===== PROVIDED RECORDS =====

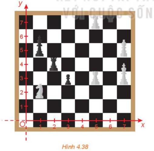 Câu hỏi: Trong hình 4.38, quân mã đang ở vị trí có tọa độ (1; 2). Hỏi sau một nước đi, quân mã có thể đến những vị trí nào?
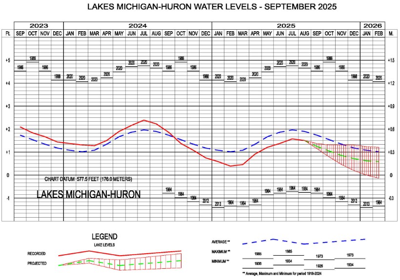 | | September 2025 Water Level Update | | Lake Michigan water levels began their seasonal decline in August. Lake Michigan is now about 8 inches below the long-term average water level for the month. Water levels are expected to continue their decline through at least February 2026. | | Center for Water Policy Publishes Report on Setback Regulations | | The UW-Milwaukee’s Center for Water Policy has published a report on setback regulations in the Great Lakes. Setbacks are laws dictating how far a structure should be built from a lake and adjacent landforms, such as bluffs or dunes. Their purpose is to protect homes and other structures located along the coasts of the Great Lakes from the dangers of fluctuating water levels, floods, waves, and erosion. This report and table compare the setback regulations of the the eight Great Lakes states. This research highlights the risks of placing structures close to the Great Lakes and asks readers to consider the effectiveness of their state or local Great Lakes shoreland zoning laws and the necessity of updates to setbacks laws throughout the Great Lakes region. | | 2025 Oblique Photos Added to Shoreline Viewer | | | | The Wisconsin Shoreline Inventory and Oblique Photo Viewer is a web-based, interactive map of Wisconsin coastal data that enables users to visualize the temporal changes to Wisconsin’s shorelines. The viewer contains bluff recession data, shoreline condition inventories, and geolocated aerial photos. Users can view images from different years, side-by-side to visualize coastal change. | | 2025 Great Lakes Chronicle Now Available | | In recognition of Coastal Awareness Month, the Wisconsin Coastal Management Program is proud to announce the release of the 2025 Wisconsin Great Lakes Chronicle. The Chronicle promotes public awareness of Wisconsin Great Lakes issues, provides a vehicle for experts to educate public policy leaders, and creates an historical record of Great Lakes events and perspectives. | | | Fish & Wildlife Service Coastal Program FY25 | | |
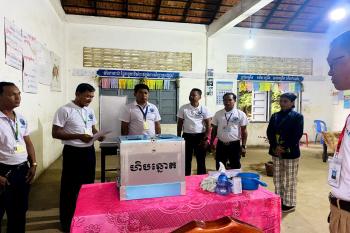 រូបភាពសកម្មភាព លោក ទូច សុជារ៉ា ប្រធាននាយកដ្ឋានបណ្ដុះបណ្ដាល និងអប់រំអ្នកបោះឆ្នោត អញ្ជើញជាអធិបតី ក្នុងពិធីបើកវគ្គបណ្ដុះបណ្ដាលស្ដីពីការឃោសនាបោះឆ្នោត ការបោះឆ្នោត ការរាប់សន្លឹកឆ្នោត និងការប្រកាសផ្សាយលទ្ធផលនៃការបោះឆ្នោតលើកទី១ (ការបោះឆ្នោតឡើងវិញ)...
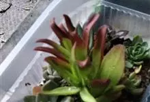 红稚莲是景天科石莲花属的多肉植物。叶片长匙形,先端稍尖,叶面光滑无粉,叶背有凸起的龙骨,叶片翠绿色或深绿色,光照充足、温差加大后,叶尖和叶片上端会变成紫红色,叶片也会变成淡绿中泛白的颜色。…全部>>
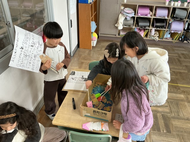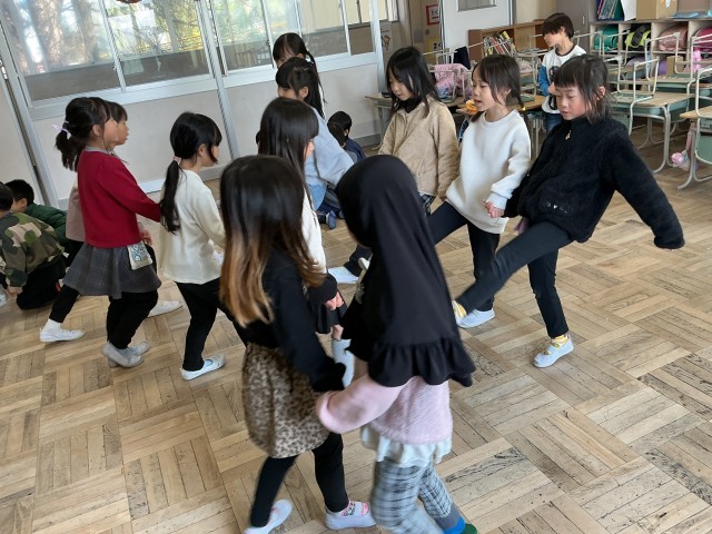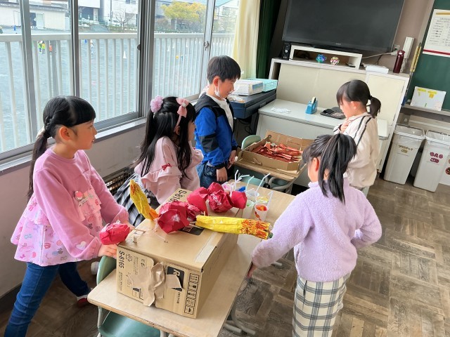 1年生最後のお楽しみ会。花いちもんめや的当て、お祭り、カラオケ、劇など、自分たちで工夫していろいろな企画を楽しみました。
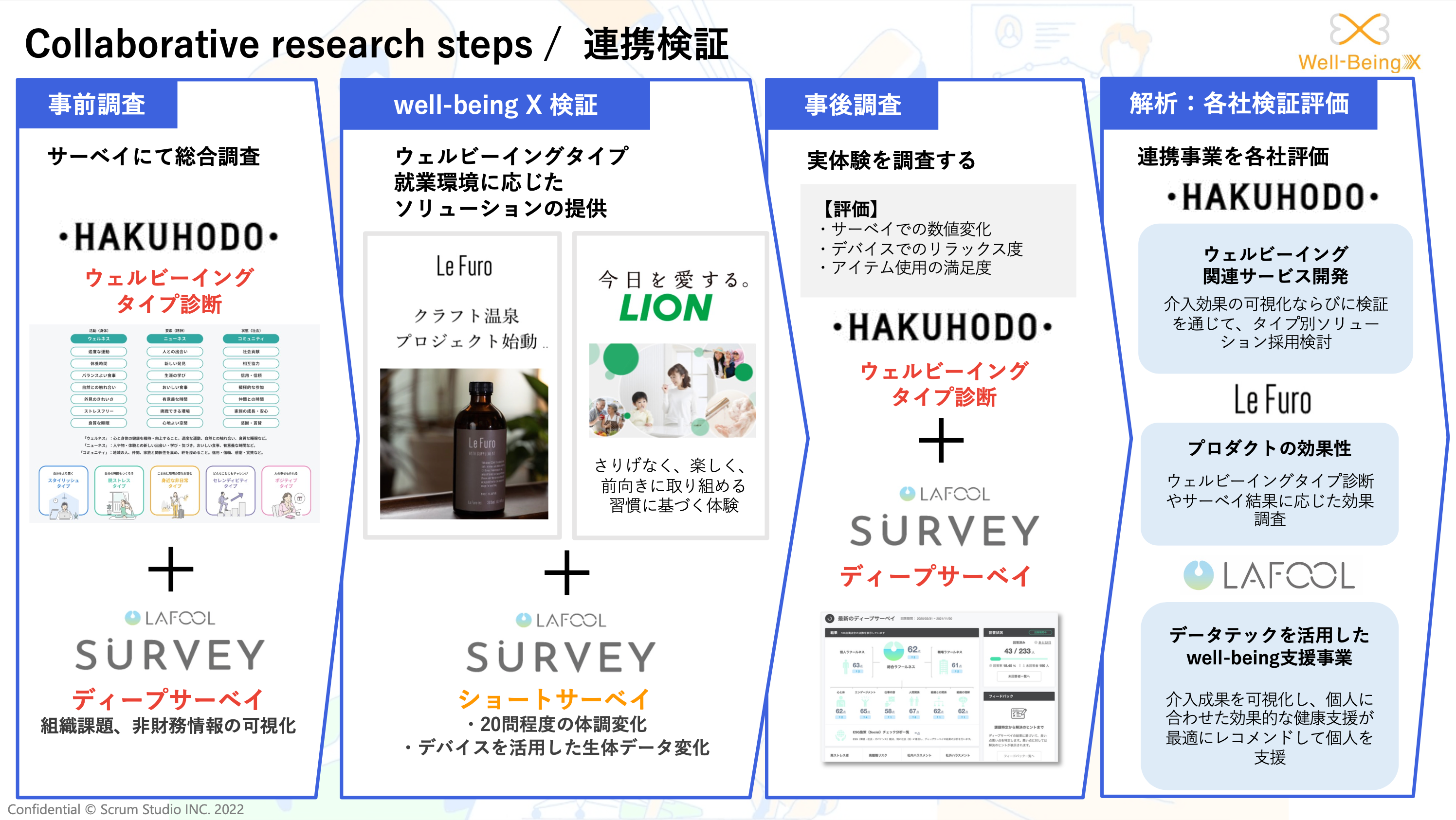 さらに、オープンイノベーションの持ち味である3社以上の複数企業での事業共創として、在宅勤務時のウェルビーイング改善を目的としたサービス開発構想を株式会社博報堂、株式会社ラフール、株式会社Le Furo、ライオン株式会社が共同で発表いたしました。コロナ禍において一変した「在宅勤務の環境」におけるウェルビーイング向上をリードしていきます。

=====

EXERCISE REQUIREMENTS
Pictures aside, give the data again exactly as it appears.

THE COMPLETED TASK
 Câu hỏi: Trong hình 4.38, quân mã đang ở vị trí có tọa độ (1; 2). Hỏi sau một nước đi, quân mã có thể đến những vị trí nào?
 | | September 2025 Water Level Update | | Lake Michigan water levels began their seasonal decline in August. Lake Michigan is now about 8 inches below the long-term average water level for the month. Water levels are expected to continue their decline through at least February 2026. | | Center for Water Policy Publishes Report on Setback Regulations | | The UW-Milwaukee’s Center for Water Policy has published a report on setback regulations in the Great Lakes. Setbacks are laws dictating how far a structure should be built from a lake and adjacent landforms, such as bluffs or dunes. Their purpose is to protect homes and other structures located along the coasts of the Great Lakes from the dangers of fluctuating water levels, floods, waves, and erosion. This report and table compare the setback regulations of the the eight Great Lakes states. This research highlights the risks of placing structures close to the Great Lakes and asks readers to consider the effectiveness of their state or local Great Lakes shoreland zoning laws and the necessity of updates to setbacks laws throughout the Great Lakes region. | | 2025 Oblique Photos Added to Shoreline Viewer | | | | The Wisconsin Shoreline Inventory and Oblique Photo Viewer is a web-based, interactive map of Wisconsin coastal data that enables users to visualize the temporal changes to Wisconsin’s shorelines. The viewer contains bluff recession data, shoreline condition inventories, and geolocated aerial photos. Users can view images from different years, side-by-side to visualize coastal change. | | 2025 Great Lakes Chronicle Now Available | | In recognition of Coastal Awareness Month, the Wisconsin Coastal Management Program is proud to announce the release of the 2025 Wisconsin Great Lakes Chronicle. The Chronicle promotes public awareness of Wisconsin Great Lakes issues, provides a vehicle for experts to educate public policy leaders, and creates an historical record of Great Lakes events and perspectives. | | | Fish & Wildlife Service Coastal Program FY25 | | |
 រូបភាពសកម្មភាព លោក ទូច សុជារ៉ា ប្រធាននាយកដ្ឋានបណ្ដុះបណ្ដាល និងអប់រំអ្នកបោះឆ្នោត អញ្ជើញជាអធិបតី ក្នុងពិធីបើកវគ្គបណ្ដុះបណ្ដាលស្ដីពីការឃោសនាបោះឆ្នោត ការបោះឆ្នោត ការរាប់សន្លឹកឆ្នោត និងការប្រកាសផ្សាយលទ្ធផលនៃការបោះឆ្នោតលើកទី១ (ការបោះឆ្នោតឡើងវិញ)...
 红稚莲是景天科石莲花属的多肉植物。叶片长匙形,先端稍尖,叶面光滑无粉,叶背有凸起的龙骨,叶片翠绿色或深绿色,光照充足、温差加大后,叶尖和叶片上端会变成紫红色,叶片也会变成淡绿中泛白的颜色。…全部>>
 1年生最後のお楽しみ会。花いちもんめや的当て、お祭り、カラオケ、劇など、自分たちで工夫していろいろな企画を楽しみました。
 さらに、オープンイノベーションの持ち味である3社以上の複数企業での事業共創として、在宅勤務時のウェルビーイング改善を目的としたサービス開発構想を株式会社博報堂、株式会社ラフール、株式会社Le Furo、ライオン株式会社が共同で発表いたしました。コロナ禍において一変した「在宅勤務の環境」におけるウェルビーイング向上をリードしていきます。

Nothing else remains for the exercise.